Had it really been a year since my last skin cancer screening? Yes.
This wasn’t the first time the dermatologist had to burn off suspicious spots. This visit’s count totaled 10 of them, plus the cutting out of an 11th to be biopsied. Despite a generous daily coat of sunscreen, given my lack of pigment, my skin seems determined to flirt with skin cancer.
Ah, genetics. My dad has virtually had a standing appointment at his dermatologist’s office for decades, and biopsies, stitches and painful treatments are a way of life for him. Worse, his younger brother, my uncle, died of melanoma 15 years ago. So I don’t discount skin cancer. I know how devastating it can be.
“So sorry, Kathleen, but you’re going to have these pink spots on your arms for a while, and a new scar that’ll be visible,” my dermatologist apologized.
Seriously?! I thought to myself.
I began to think of the thousands of children who must endure years of excruciatingly more painful treatments than mine to try to cure cancers that are determined to kill them. Children whose futures, more often than not, are forever altered — if they’re fortunate enough to survive.
“Doc, I consider this scar and these spots to be a gift — a reminder of how fortunate I am.”
From her reaction, I guessed she hadn’t heard that very often. Her nurse, as well, gave me a quizzical look.
So I explained.
I told them of the work we do here at St. Baldrick’s. I told them of the children we encounter, and how through research we’re investing in their future.
I told them that I’m fortunate because children with cancer rarely have such visible signs of disease. Their cancers aren’t preventable the way most skin cancers are. My “trouble spots” required less than 10 minutes of treatment, and I knew the discomfort would be gone the next day.

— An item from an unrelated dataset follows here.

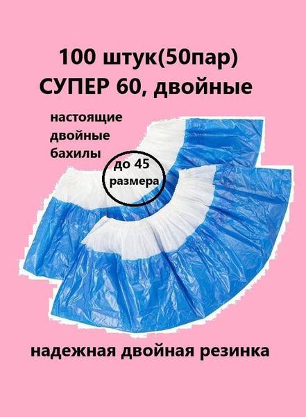 <img src="double-shoe-covers-60-micron.jpg" alt="Heavy-duty double shoe covers, 60 micron, waterproof, blue and white, size 13">
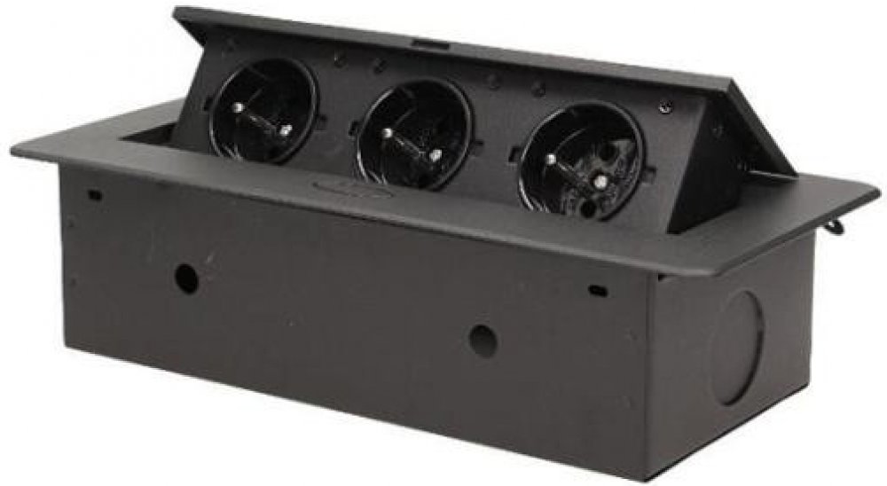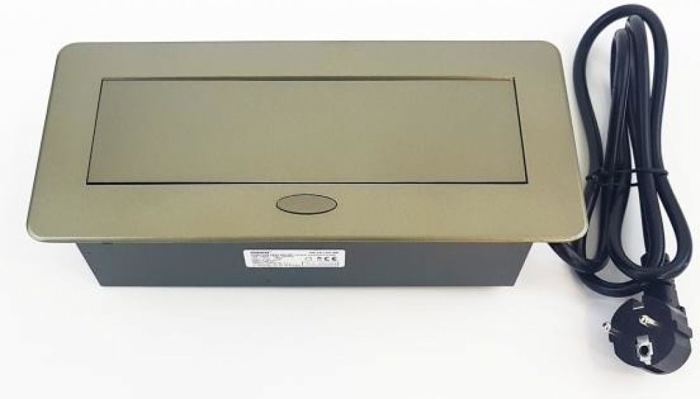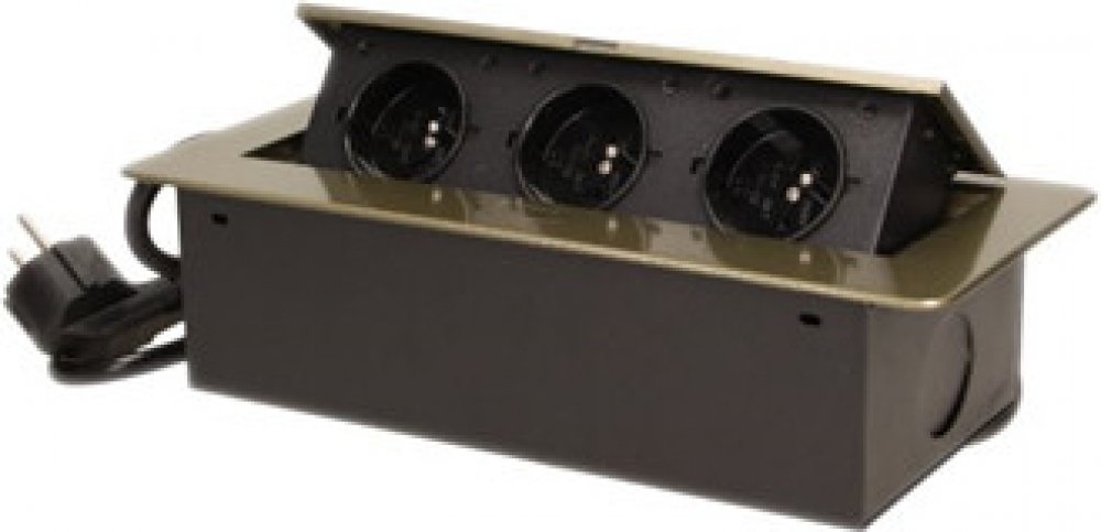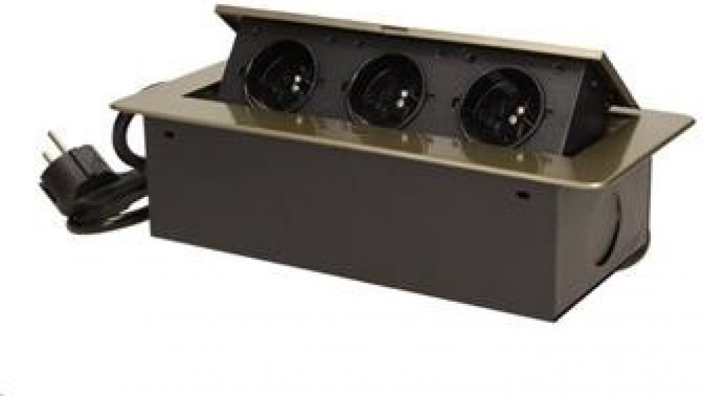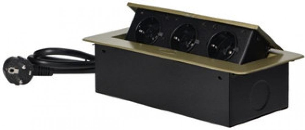 Sada tří síťových zásuvek s uzemněním Schuko a proudovou ochranou v krytu skrytém v horní části. Zařízení je určeno pro instalaci do pracovních stolů, pracovních desek a stolů, lze jej namontovat svisle i vodorovně a poskytuje pohodlný přístup k elektrickým zásuvkám. Díky ploché hraně (pouze 2 mm) pouzdro s objímkami dokonale zapadne do povrchu např. stůl a nepřekáží při jeho čištění. Má uzavřený panel se síťovými zásuvkami a 1,5 m dlouhým kabelem. Barva: mosaz.

But for so many of these children, treatment requires years of therapy that’s usually painful and often damaging.
The nurse grew quiet and my doctor said, “Thank you for the gift of perspective.”
I don’t know if I’ll ever have to fight cells inside my own body, but if I do, I will have made it well into adulthood without the burden of such a battle. I am grateful that resources were available to researchers who developed effective, preventive treatments for my trouble spots.
And while I’m also grateful for broad spectrum SPF 50, and my new scar, I long for the day when we can treat childhood cancers proactively, and when diagnosis will be followed by immediate, efficient, non-toxic, painless therapies for our children. Therapies that take minutes to administer, preserve their future, and allow them to be what they should …
Not cancer warriors. Children.
September is Childhood Cancer Awareness Month. What will YOU do to give kids with cancer a chance at a future?